Kapitel 6 berücksichtigt mündliche Äußerungen als Untersuchungsgegenstand diskursanalytischer Arbeiten. In diesem Kapitel wird das zu Beispielanalysen herangezogene Material um Ausschnitte aus Radiosendungen ergänzt. Dabei wird die Beherrschung relevanter Methoden vorausgesetzt:
„Wie man Gespräche aufzeichnet, transkribiert und analysiert, ist aus der Konversationsanalyse, der funktional-pragmatischen Diskursanalyse, der interaktionalen Soziolinguistik und weiteren Zweigen der Gesprächsforschung hinlänglich bekannt“ (S. 103).
Vorschläge zu diskursanalytisch relevanten Analyseebenen sind „Stimme und Körper“ (6.1), „Prozessualität und Interaktivität“ (6.2), „Kontextbezug und Adressatenorientierung“ (6.3) sowie „Selbst- und Fremdpositionierung“ (6.4).
Kapitel 7 ist der Einzeltextanalyse von Bildern gewidmet. Nach dem Abschnitt „Methodologische Vorbemerkungen: Bilder, Bildtypen, Bildanalysen“ (7.1) werden als Analyseebenen „Inhalt und Ausschnitt“ (7.2), „Perspektivierung“ (Kapitel 7.3), „Komposition“ (7.4), „Modalität“ (7.5) und „Bild-Text-Beziehungen“ (Kapitel 7.6) empfohlen. Für den Überblick sind die zusammenfassenden Tabellen zu den Kapitel 5, 6 und 7 sehr hilfreich. Didaktisch sinnvoll wäre es gewesen, die zentrale diskursanalytische Aufgabe, die genannten Analyseebenen der Einzeltextanalysen auf transtextuelle Einheiten zu beziehen, in den jeweiligen Kapiteln 5 bis 7 zu leisten. Stattdessen wird dies in einem eigenen Kapitel 8 in sehr knappen Abschnitten für geschriebene Texte, Gespräche und Bilder abgehandelt.

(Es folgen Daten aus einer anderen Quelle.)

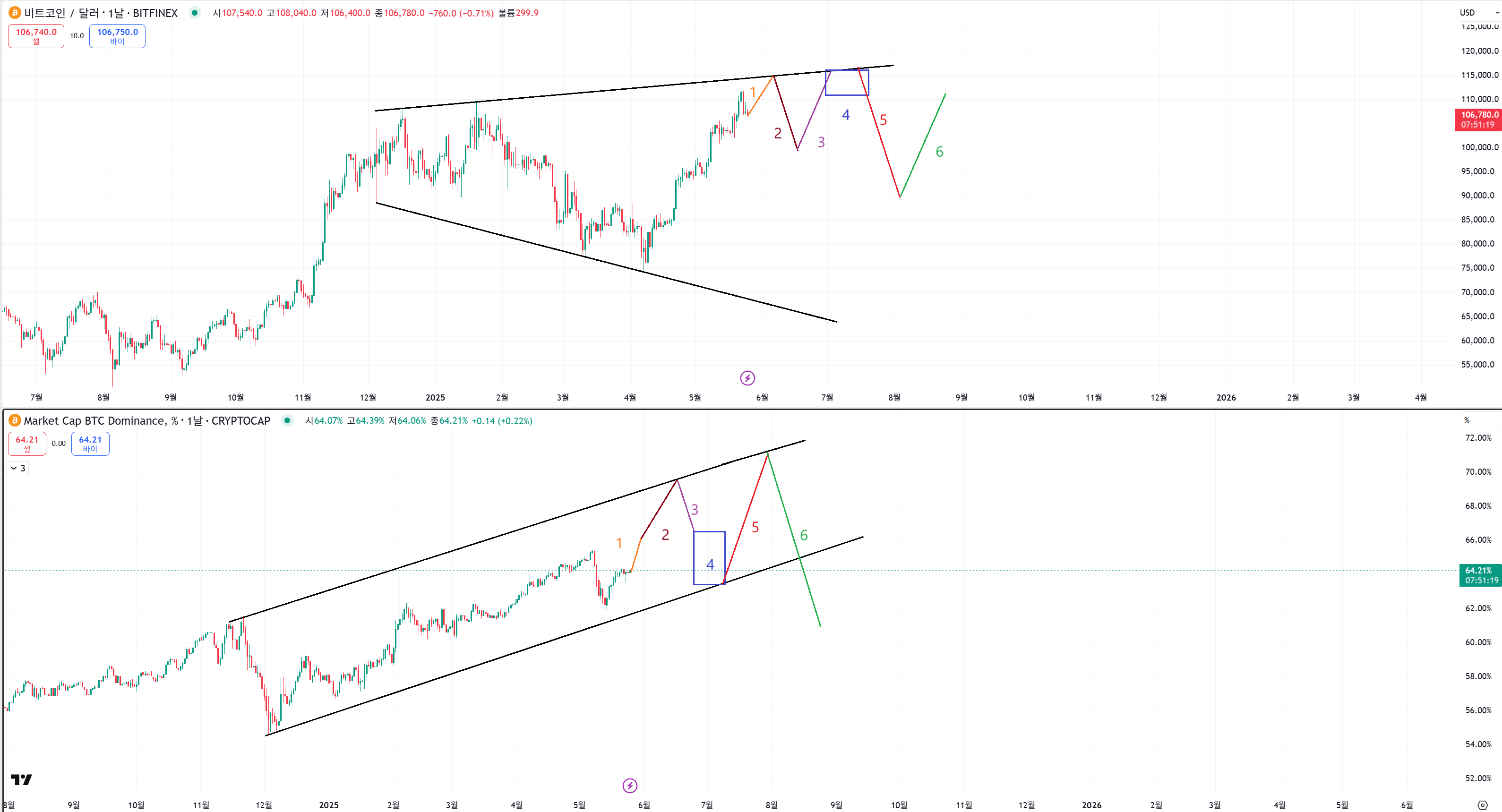 주황색선처럼 고점을 한번 높인 이후 다시 도미넌스 하락이 나올때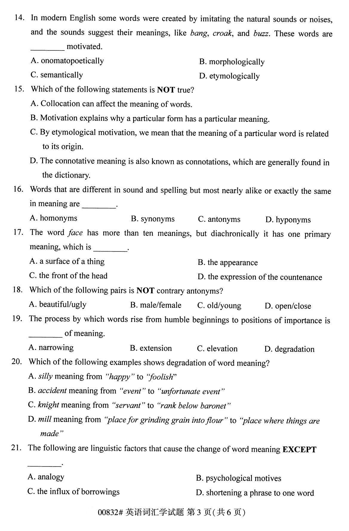 下一篇:2020年10月自考00832英语词汇学部分真题答案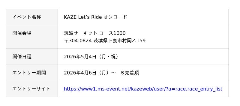 株式会社カワサキモータースジャパン(本社:兵庫県明石市、代表取締役社長:佐伯 健児)は、2026年5月4日(月・祝)に筑波サーキット コース1000にて「KAZE Let’s Ride オンロード」を開催いたします。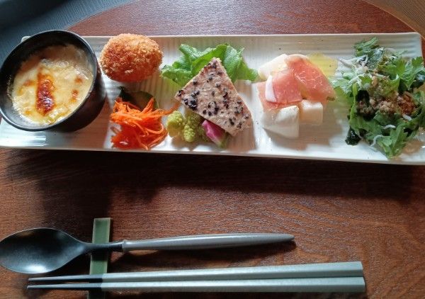 右から…春菊とシラスのサラダ、ドレッシングはえごまドレッシング・洋梨カプレーゼ・松風焼き・里芋のクリームコロッケ・牡蠣と葱の豆乳味噌グラタンという豪華な内容です。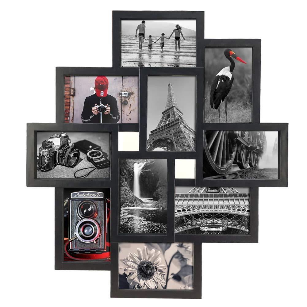 10 Opening 4x6 Black Collage Picture Frame Wall Hanging for 4 by 6 inch Multiple Photo Frames by Amazing Roo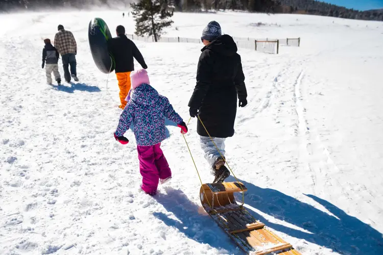 Har du ikke akebrett, kan baderinger eller badedyr være vel så artig. Aking er også en fin kveldsaktivitet, hvis du tar med hodelykter og refleksvester.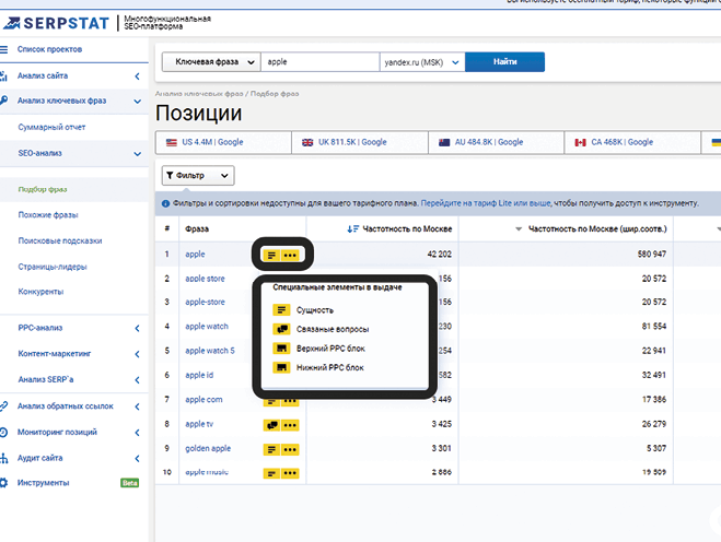 Вы можете использовать Serpstat, чтобы увидеть, какие типы «универсальных» результатов поиска отображаются по любым заданным триггерам запроса: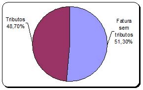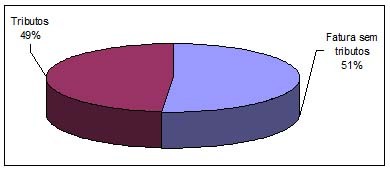Os dados obtidos nos cálculos são sintetizados no Gráfico 1 a seguir, no qual se demonstra que 48,70% da conta de luz é composta de tributos. Ressalte-se que, dentro dos 51,30% da fatura sem tributos ainda estão embutidos os encargos setoriais. Pois, na verdade, embutido na tarifa base de R$ 0,34240 estão todos os encargos setoriais do setor elétrico, já mencionados. Conclui-se que a tributação sobre a tarifa de energia elétrica não é somente de 48,70%, mas bem superior a esse valor.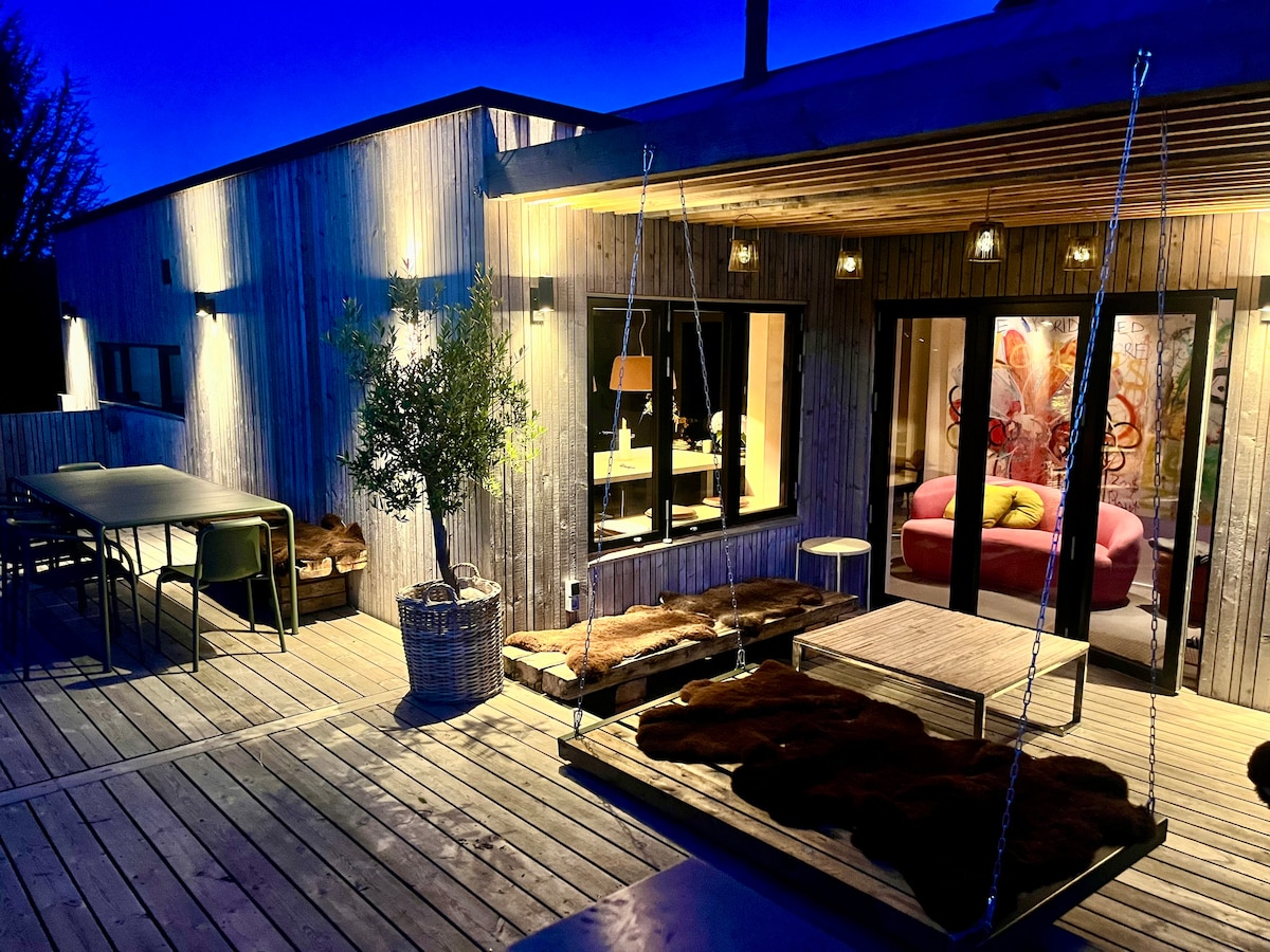 このユニークな宿泊施設には、独自の北欧スタイルがあります。内外のあらゆる場所が、団らんを念頭に置いて装飾されており、すべての部屋で時間を過ごしたいという気持ちを起こさせます。2つのロフトでは青空を眺めながら目覚め、家の大きなキッチン・ダイニングルームでは、6メートルの長さの天窓が部屋全体に素晴らしい光を放っています。広々とした空間と居心地の良いコーナーがたくさんあり、大家族が集まって、日々の喧騒から解放されて休息を楽しむことができます。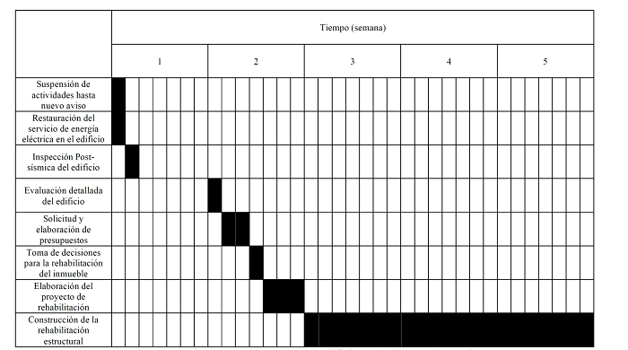 Tras el sismo del 19S del 2017, se observó que los edificios que resultaron con daños en los elementos estructurales o no estructurales quedaron inactivos durante todas las siguientes etapas o en la mayoría de estas:

Das Buch schließt in Kapitel 9 mit der Thematisierung des Verhältnisses von Diskurs und Gesellschaft und führt dabei die Kategorien ,Wissen‘ und ,Macht‘ ein. Das mit zwei Seiten kurz gehaltene Kapitel 10 zum Rück- und Ausblick bespricht konzis weitere Desiderate der linguistischen Diskursanalyse. Nicht einsichtig ist, warum nicht auch (Hyper-)Texte aus digitalen Medien als Untersuchungsgegenstand herangezogen werden. Mit der von Sylvia Bendel Larcher vorgenommenen Ausweitung des Gegenstandsbereichs linguistischer Diskursanalysen auf Gespräche und Bilder wäre dies kein allzu großer Schritt gewesen. Die Lösungsvorschläge zu den Übungen sowie das Literaturverzeichnis sind für den Einsatz in Seminaren gut geeignet. Für Studierende wäre zudem auch ein Glossar wünschenswert und hilfreich. Insgesamt ist die innovative Konzeption der Einführung in die linguistische Diskursanalyse verdienstvoll, für didaktische Kontexte jedoch auch sehr anspruchsvoll.